TASK INSTRUCTIONS: Everything from the line containing "(서울=포커스뉴스) 22일 오후" through the line containing "茶话会上,速成学院李桂荣老师" should be repeated exactly, and nothing else from the data.

DATA SHOWN:

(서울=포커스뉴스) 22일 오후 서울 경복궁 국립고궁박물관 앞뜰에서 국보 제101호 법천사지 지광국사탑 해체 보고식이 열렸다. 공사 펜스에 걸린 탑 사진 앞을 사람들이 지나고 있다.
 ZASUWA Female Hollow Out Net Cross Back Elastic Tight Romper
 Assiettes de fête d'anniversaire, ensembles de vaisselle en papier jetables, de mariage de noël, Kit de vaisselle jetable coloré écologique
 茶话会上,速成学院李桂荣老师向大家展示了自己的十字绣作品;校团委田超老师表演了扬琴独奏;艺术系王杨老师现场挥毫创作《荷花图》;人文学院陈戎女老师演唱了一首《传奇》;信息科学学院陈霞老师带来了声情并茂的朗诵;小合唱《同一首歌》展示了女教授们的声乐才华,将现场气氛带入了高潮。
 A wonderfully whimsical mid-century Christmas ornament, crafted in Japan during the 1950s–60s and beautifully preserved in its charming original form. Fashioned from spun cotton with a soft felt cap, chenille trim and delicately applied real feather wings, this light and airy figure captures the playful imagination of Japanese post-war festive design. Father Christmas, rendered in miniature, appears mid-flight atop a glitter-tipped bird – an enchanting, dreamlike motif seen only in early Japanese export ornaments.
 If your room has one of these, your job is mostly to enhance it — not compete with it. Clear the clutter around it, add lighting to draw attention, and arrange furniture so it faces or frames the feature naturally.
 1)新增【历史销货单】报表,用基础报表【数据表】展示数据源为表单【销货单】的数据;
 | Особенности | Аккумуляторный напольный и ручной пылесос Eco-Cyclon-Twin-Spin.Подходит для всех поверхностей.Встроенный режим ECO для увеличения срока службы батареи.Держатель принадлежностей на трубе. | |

==

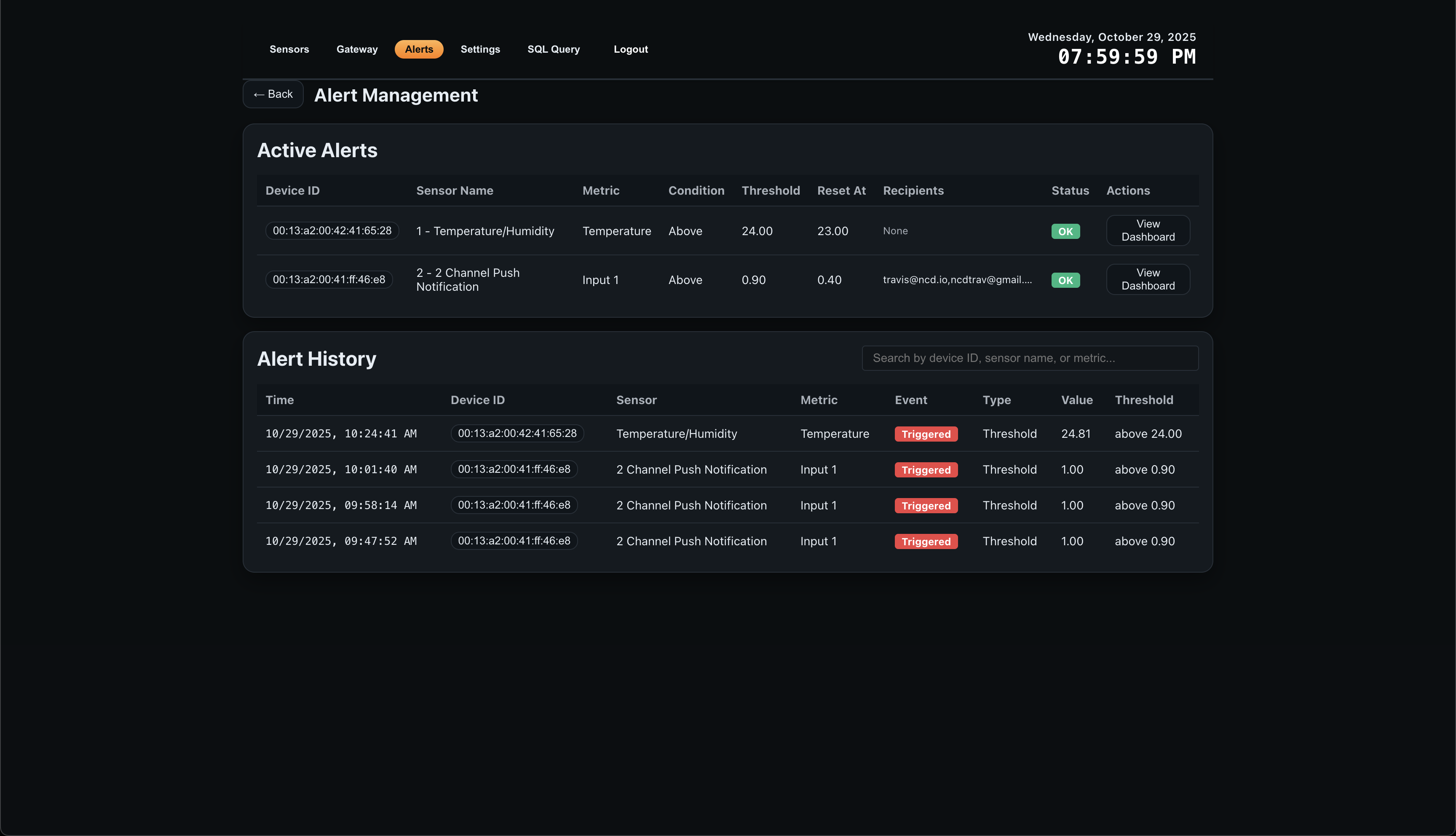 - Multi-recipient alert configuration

---

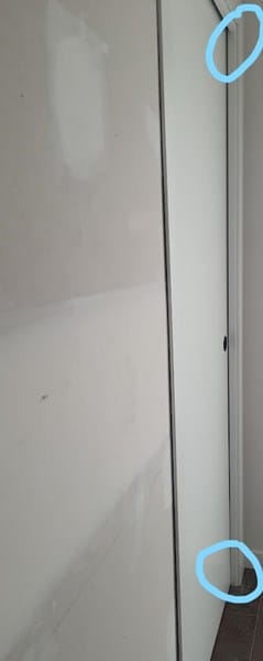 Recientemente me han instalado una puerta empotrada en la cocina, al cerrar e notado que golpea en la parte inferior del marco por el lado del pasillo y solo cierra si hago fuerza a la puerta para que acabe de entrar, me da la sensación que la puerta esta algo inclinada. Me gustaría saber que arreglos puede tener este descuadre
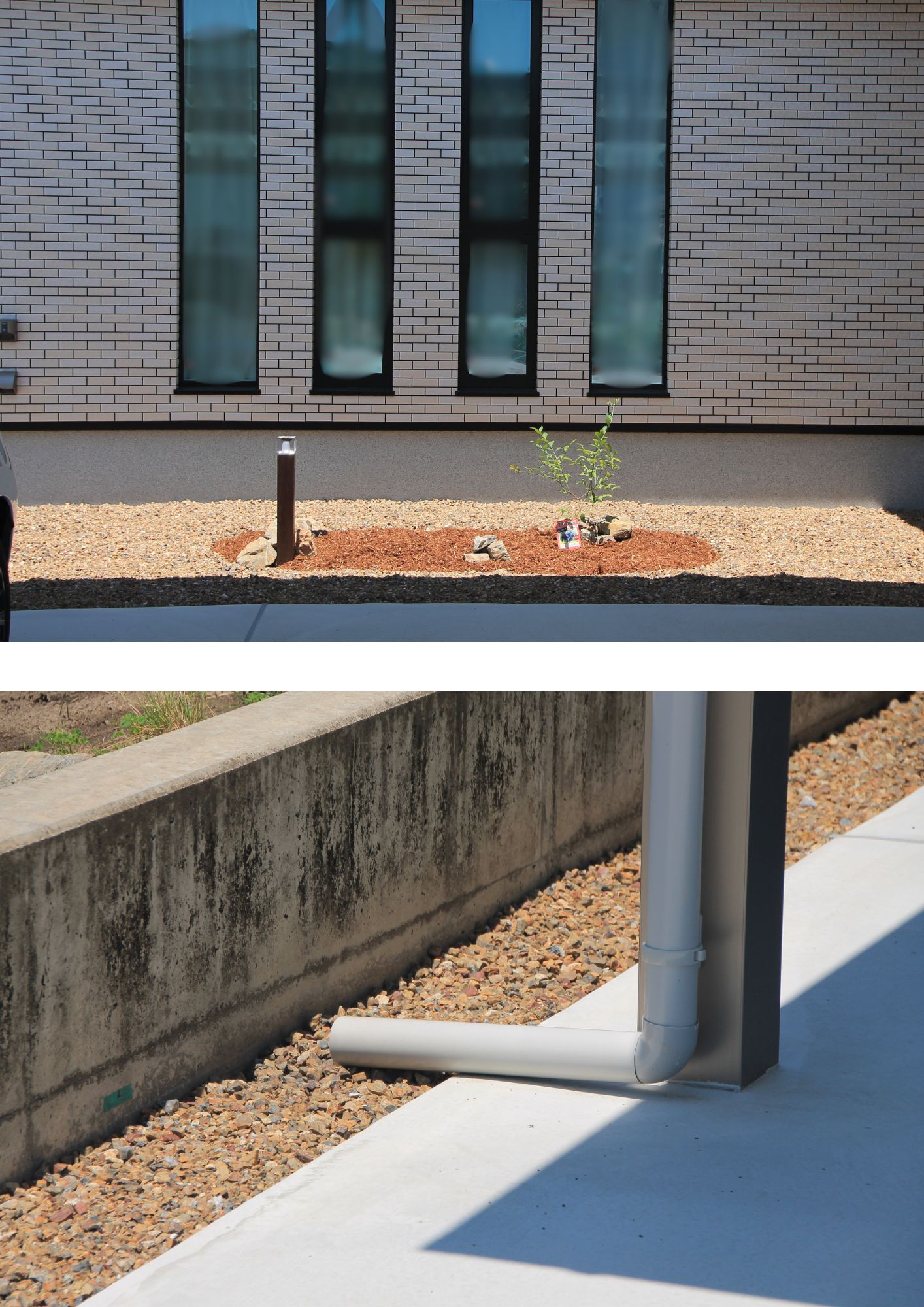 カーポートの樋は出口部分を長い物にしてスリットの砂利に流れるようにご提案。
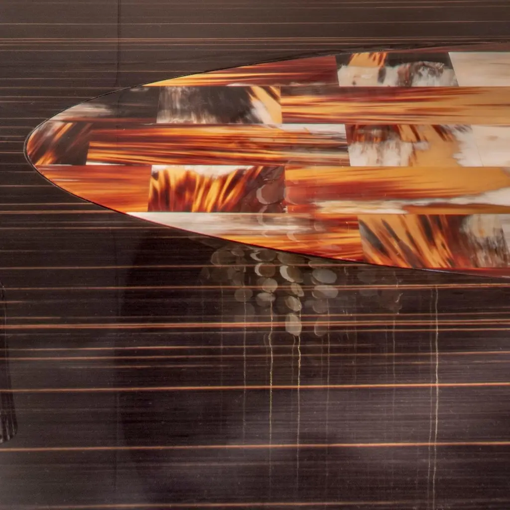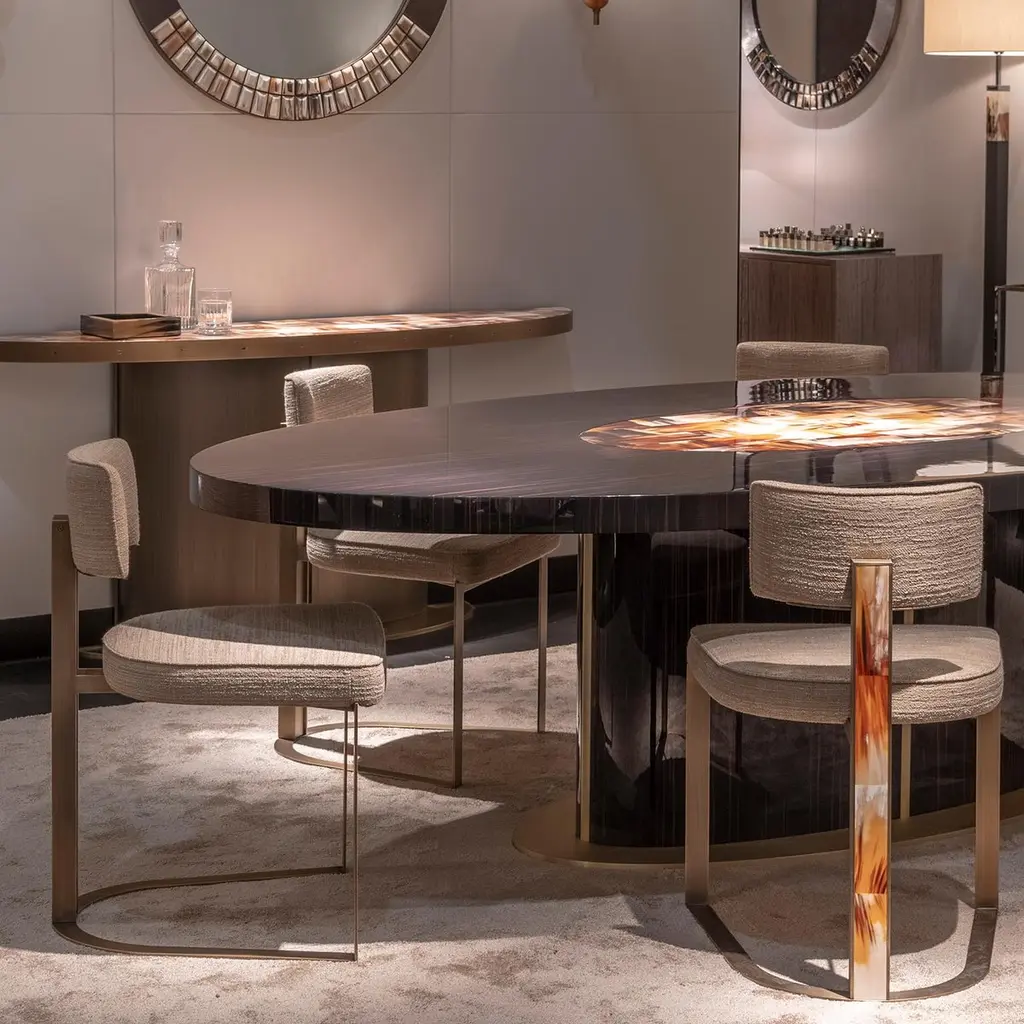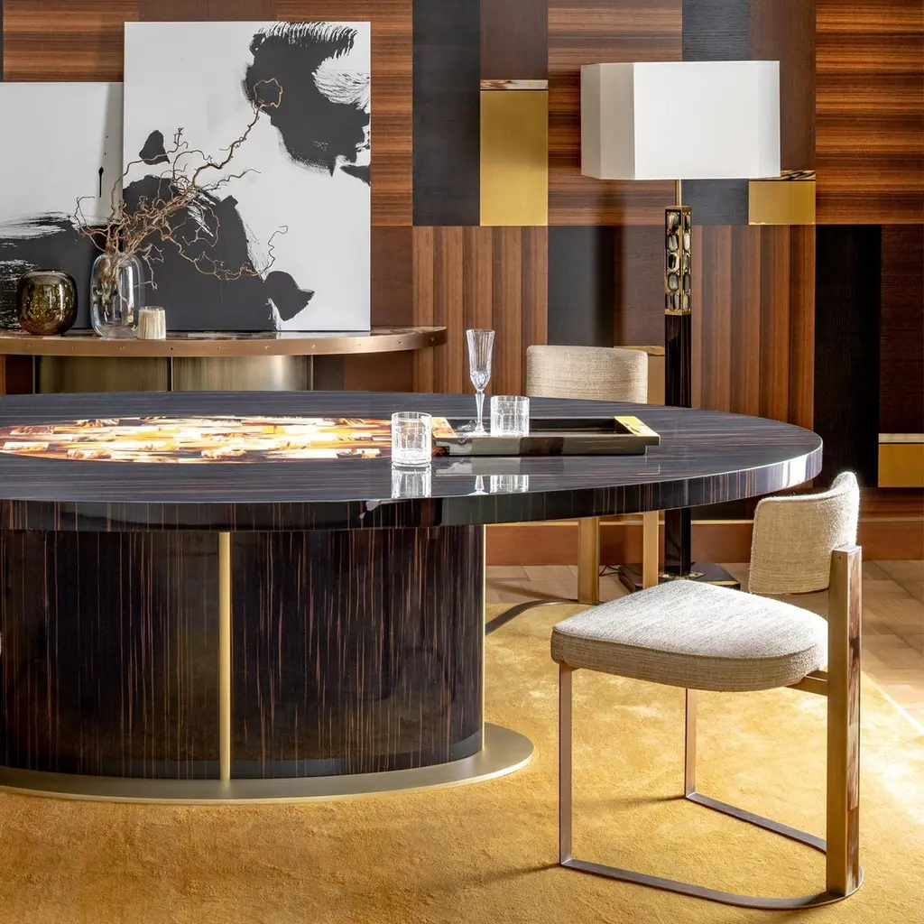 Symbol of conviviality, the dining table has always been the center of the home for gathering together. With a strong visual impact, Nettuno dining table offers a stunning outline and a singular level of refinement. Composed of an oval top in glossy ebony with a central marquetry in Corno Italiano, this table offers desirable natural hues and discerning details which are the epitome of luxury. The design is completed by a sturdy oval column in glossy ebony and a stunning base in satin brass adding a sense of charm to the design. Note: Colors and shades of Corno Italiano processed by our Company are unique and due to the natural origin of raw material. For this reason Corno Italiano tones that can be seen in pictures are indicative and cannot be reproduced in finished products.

RESPONSE TO THE TASK:
(서울=포커스뉴스) 22일 오후 서울 경복궁 국립고궁박물관 앞뜰에서 국보 제101호 법천사지 지광국사탑 해체 보고식이 열렸다. 공사 펜스에 걸린 탑 사진 앞을 사람들이 지나고 있다.
 ZASUWA Female Hollow Out Net Cross Back Elastic Tight Romper
 Assiettes de fête d'anniversaire, ensembles de vaisselle en papier jetables, de mariage de noël, Kit de vaisselle jetable coloré écologique
 茶话会上,速成学院李桂荣老师向大家展示了自己的十字绣作品;校团委田超老师表演了扬琴独奏;艺术系王杨老师现场挥毫创作《荷花图》;人文学院陈戎女老师演唱了一首《传奇》;信息科学学院陈霞老师带来了声情并茂的朗诵;小合唱《同一首歌》展示了女教授们的声乐才华,将现场气氛带入了高潮。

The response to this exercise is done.